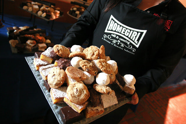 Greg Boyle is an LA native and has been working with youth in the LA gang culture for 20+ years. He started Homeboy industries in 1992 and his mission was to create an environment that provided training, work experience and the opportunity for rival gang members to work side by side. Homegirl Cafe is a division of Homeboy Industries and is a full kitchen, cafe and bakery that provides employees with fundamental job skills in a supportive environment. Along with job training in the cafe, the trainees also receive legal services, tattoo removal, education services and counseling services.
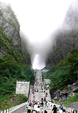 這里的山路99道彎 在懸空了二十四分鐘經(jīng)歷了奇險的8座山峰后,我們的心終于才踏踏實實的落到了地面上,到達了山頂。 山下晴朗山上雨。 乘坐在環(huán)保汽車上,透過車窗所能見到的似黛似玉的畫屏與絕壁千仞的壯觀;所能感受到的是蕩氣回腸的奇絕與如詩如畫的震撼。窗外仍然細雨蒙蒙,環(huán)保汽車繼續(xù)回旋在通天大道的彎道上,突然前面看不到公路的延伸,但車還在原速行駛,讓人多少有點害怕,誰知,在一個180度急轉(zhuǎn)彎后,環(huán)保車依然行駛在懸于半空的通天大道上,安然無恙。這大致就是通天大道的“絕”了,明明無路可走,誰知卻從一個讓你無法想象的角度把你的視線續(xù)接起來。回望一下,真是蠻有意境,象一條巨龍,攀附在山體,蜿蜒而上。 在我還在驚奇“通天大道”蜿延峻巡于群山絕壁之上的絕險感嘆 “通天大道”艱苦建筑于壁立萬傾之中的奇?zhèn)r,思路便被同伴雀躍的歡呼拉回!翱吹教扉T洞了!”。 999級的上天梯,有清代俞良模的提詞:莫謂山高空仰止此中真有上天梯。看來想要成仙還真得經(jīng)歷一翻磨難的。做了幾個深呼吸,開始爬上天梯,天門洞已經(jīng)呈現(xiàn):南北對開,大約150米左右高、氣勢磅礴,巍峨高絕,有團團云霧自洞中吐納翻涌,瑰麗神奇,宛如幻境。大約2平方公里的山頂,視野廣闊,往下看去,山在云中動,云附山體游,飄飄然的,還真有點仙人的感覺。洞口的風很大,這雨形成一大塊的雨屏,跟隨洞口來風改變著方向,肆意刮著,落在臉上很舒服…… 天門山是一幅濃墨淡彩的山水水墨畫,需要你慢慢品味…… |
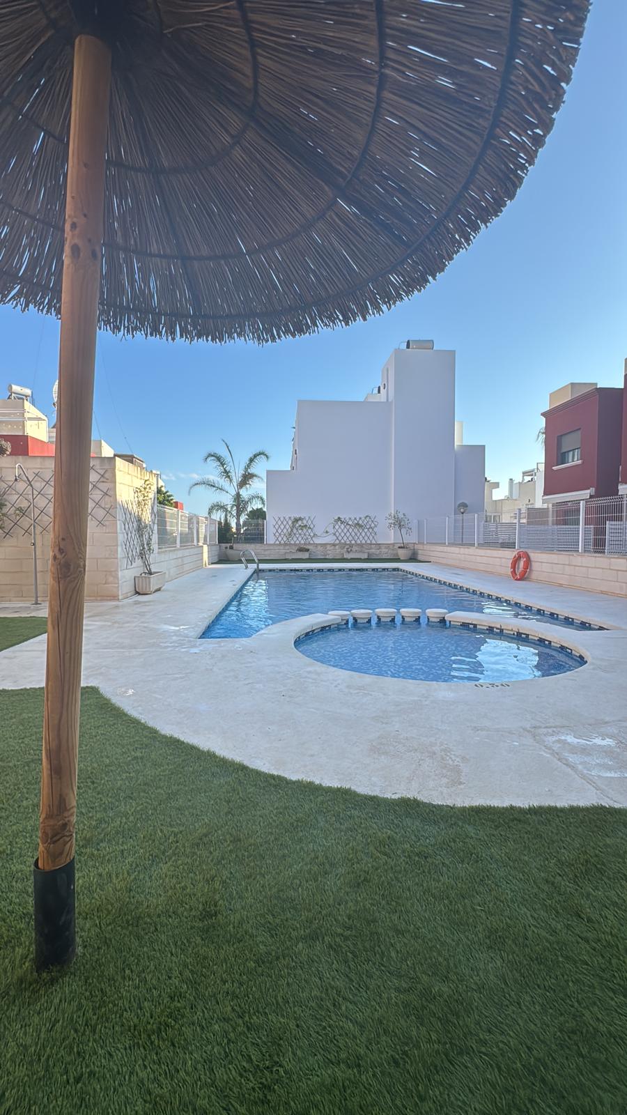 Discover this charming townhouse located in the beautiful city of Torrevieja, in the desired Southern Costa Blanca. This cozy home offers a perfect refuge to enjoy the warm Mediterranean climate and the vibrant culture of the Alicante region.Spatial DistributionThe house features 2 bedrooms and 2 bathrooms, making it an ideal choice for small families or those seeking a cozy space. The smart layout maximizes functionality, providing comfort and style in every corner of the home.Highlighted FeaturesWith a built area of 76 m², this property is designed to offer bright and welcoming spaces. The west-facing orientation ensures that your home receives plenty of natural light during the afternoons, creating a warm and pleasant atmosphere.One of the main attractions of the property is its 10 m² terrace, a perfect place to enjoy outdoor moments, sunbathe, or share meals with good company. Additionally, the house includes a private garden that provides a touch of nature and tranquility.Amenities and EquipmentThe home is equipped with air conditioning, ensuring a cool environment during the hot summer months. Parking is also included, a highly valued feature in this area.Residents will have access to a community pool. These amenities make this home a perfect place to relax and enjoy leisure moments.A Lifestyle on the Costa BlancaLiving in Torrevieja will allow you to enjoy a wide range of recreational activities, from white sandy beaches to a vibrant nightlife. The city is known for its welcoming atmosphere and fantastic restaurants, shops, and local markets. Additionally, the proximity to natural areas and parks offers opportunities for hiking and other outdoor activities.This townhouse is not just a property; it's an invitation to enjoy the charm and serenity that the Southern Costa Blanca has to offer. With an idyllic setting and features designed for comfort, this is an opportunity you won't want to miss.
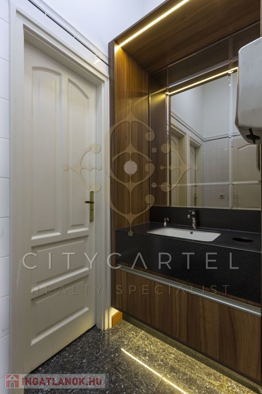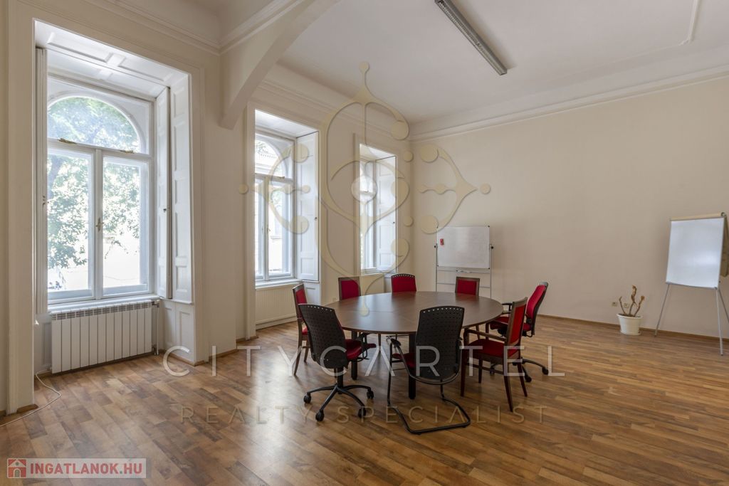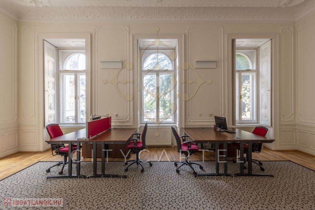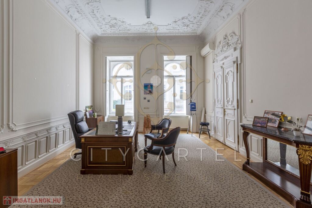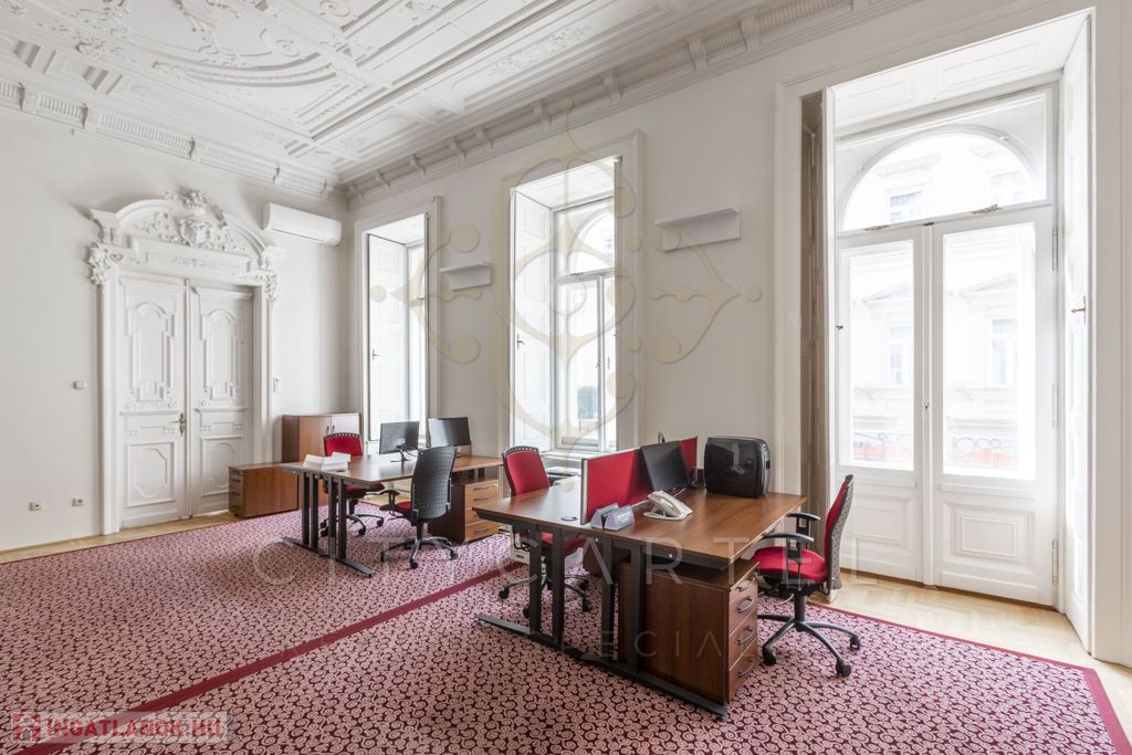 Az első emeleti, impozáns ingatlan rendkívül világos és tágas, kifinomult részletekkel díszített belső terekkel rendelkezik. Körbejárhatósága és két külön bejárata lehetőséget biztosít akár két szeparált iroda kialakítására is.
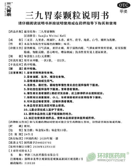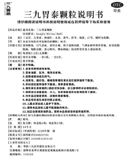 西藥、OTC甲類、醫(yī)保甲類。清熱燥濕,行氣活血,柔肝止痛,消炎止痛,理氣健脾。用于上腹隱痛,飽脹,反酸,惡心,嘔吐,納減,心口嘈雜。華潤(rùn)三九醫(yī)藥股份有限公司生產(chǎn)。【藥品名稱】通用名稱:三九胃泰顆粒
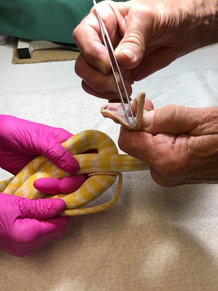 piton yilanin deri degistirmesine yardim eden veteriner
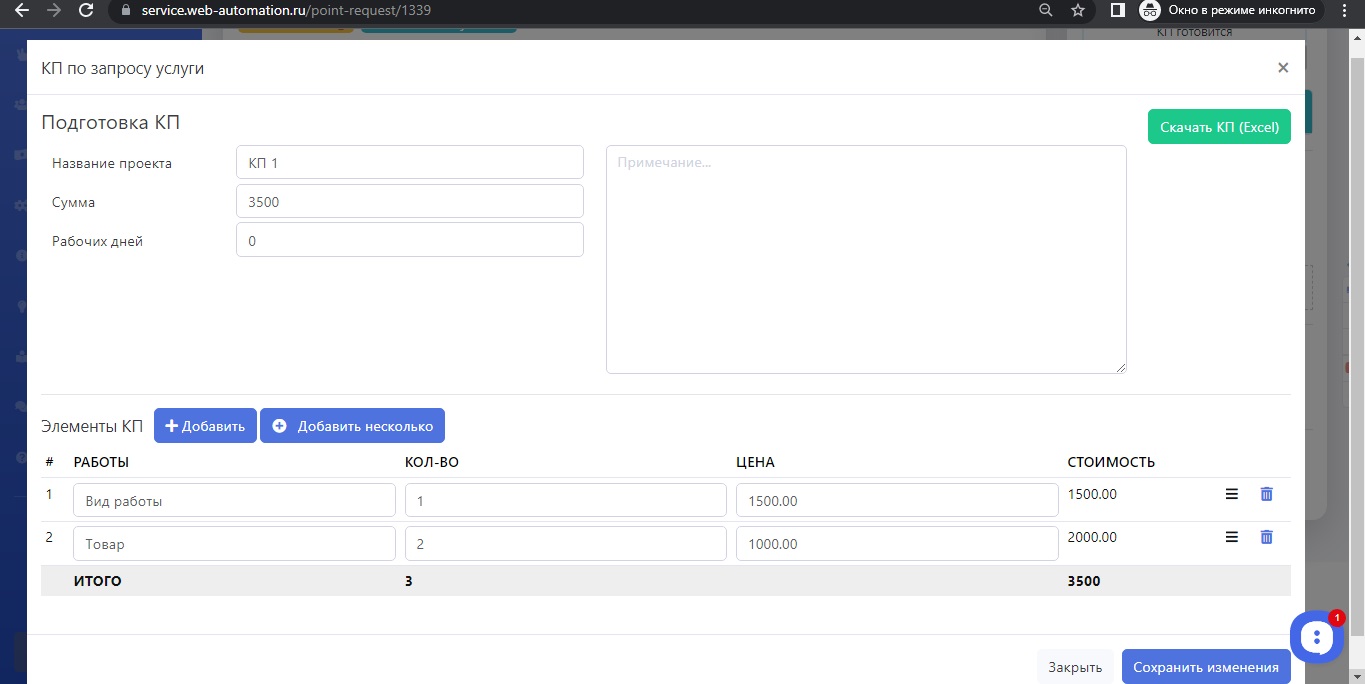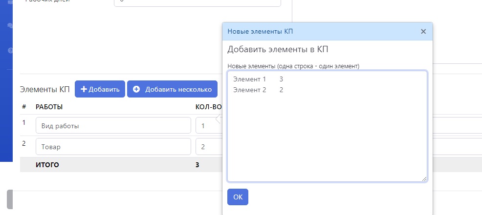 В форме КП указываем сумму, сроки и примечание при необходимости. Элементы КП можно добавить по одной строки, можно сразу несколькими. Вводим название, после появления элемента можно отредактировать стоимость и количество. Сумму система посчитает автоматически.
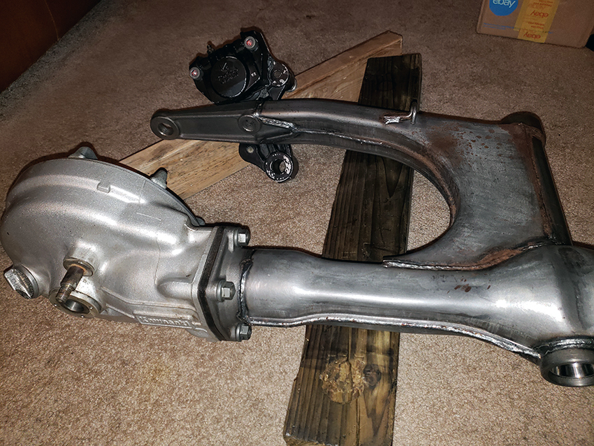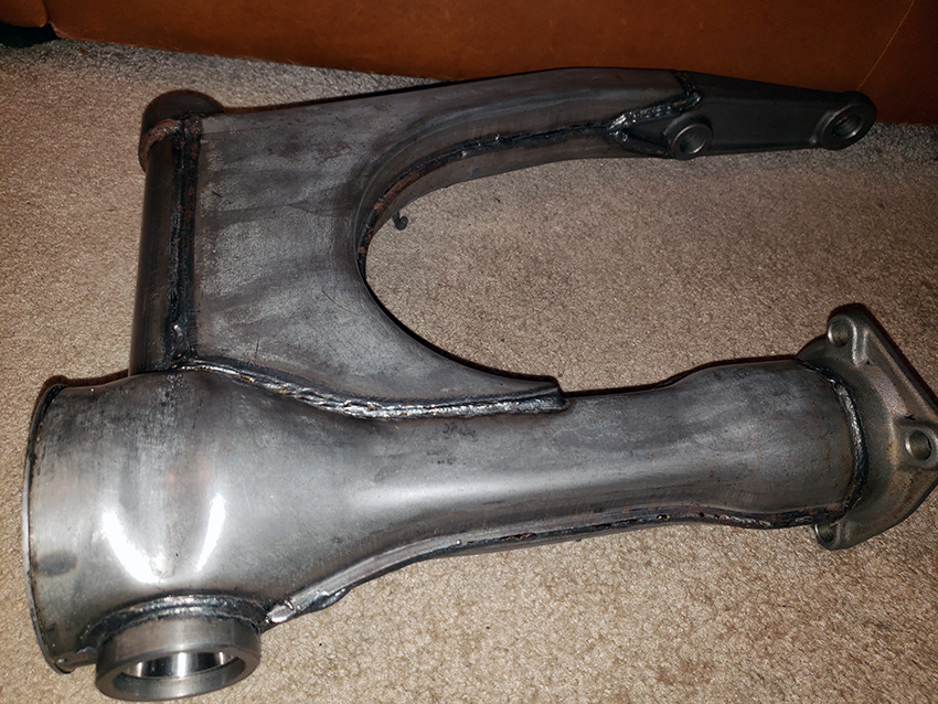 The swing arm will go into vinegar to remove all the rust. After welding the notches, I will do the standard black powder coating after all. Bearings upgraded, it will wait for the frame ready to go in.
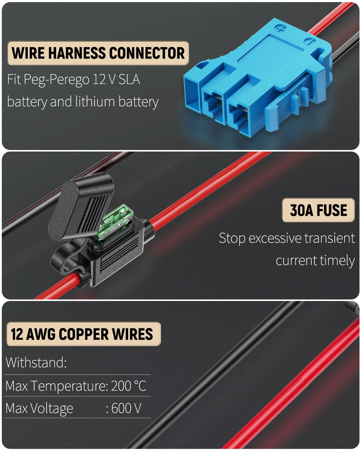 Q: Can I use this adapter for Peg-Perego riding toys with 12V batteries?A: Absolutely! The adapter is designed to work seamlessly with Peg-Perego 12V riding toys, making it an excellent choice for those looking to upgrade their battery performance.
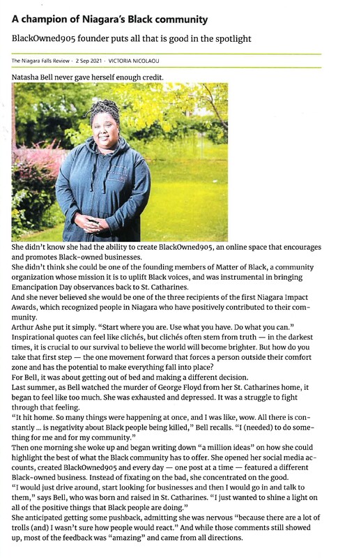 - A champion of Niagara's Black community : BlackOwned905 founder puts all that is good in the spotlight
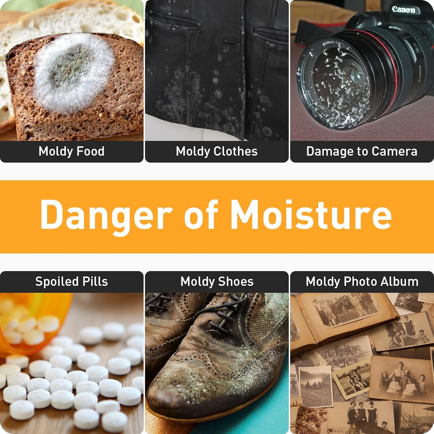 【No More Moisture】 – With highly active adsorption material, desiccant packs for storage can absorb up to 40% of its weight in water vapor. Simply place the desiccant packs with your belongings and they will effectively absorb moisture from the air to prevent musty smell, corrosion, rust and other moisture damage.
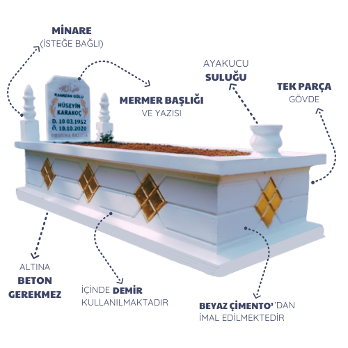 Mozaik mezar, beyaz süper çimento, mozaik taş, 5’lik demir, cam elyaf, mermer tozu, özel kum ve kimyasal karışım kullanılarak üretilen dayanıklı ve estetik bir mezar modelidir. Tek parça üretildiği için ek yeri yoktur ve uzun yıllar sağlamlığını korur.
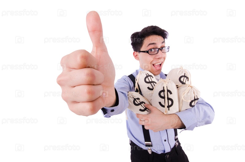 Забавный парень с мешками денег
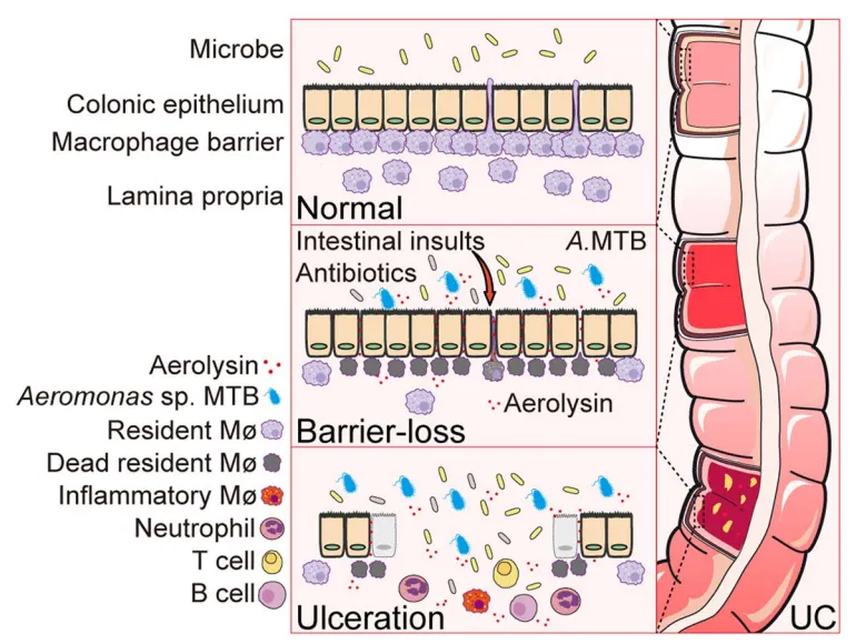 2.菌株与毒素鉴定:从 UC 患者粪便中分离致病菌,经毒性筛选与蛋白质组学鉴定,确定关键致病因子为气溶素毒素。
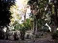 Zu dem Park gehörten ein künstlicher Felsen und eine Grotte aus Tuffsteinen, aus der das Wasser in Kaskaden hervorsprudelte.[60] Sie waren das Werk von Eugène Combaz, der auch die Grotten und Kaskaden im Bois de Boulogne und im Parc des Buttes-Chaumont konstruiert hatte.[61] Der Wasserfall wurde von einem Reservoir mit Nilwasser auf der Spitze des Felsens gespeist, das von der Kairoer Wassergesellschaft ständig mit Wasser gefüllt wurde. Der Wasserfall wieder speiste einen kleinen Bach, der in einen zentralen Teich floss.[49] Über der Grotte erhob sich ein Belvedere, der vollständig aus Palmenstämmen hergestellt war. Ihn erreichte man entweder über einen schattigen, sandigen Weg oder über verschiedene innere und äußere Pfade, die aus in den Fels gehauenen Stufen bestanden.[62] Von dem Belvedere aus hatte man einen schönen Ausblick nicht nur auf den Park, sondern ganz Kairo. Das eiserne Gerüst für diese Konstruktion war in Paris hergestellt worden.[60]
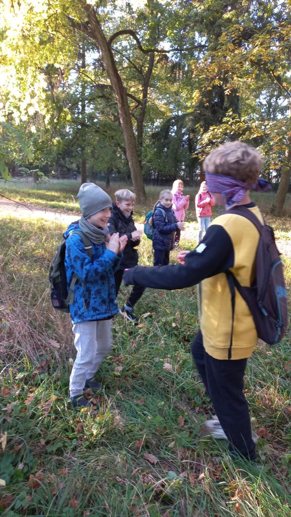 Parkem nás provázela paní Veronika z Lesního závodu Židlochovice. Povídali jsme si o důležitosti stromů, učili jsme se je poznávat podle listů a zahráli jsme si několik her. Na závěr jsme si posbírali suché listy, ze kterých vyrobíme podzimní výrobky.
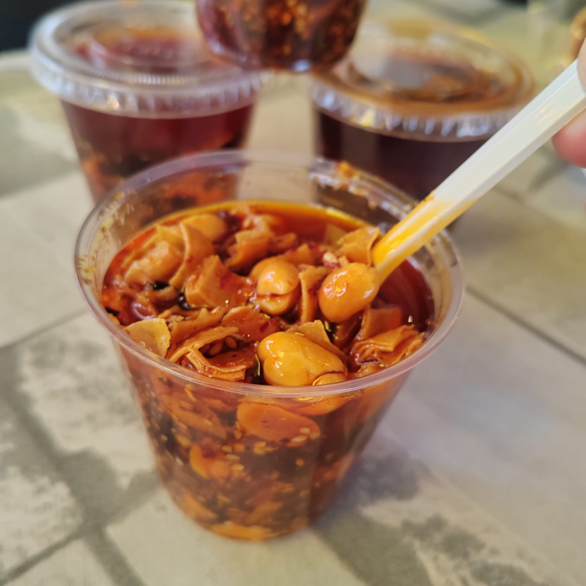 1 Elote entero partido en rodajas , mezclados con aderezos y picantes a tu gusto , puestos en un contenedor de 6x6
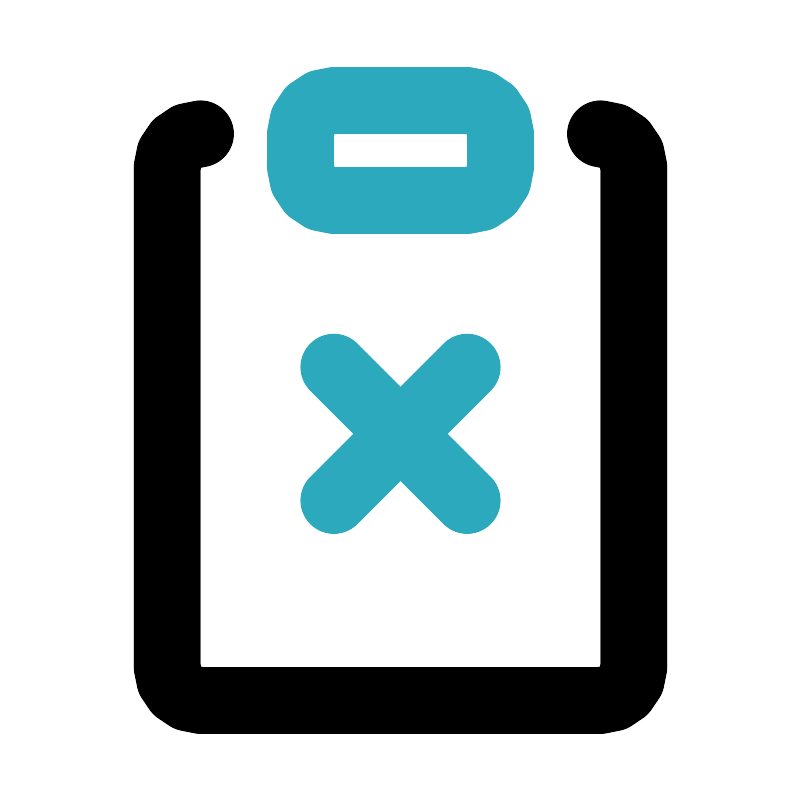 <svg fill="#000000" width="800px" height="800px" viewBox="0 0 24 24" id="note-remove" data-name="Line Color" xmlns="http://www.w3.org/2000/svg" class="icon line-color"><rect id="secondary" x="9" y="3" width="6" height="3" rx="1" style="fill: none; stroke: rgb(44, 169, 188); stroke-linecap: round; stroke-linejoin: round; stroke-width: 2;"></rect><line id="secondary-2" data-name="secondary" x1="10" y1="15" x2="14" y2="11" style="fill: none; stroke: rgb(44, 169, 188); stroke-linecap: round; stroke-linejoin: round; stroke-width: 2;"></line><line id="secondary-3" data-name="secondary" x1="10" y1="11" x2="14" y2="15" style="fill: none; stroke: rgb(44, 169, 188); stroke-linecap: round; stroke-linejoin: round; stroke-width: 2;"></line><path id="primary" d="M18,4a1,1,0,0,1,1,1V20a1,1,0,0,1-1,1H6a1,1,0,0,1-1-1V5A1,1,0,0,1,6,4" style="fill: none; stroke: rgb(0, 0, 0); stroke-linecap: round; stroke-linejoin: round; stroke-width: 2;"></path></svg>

» **Work instructions**: The copy should hold only the lines from the one with "西藥、OTC甲類、醫(yī)" through the one with "piton yilanin deri", exactly as they stand above. Leave out the pictures.

» **Reply to the exercise**:
 西藥、OTC甲類、醫(yī)保甲類。清熱燥濕,行氣活血,柔肝止痛,消炎止痛,理氣健脾。用于上腹隱痛,飽脹,反酸,惡心,嘔吐,納減,心口嘈雜。華潤(rùn)三九醫(yī)藥股份有限公司生產(chǎn)。【藥品名稱】通用名稱:三九胃泰顆粒
 piton yilanin deri degistirmesine yardim eden veteriner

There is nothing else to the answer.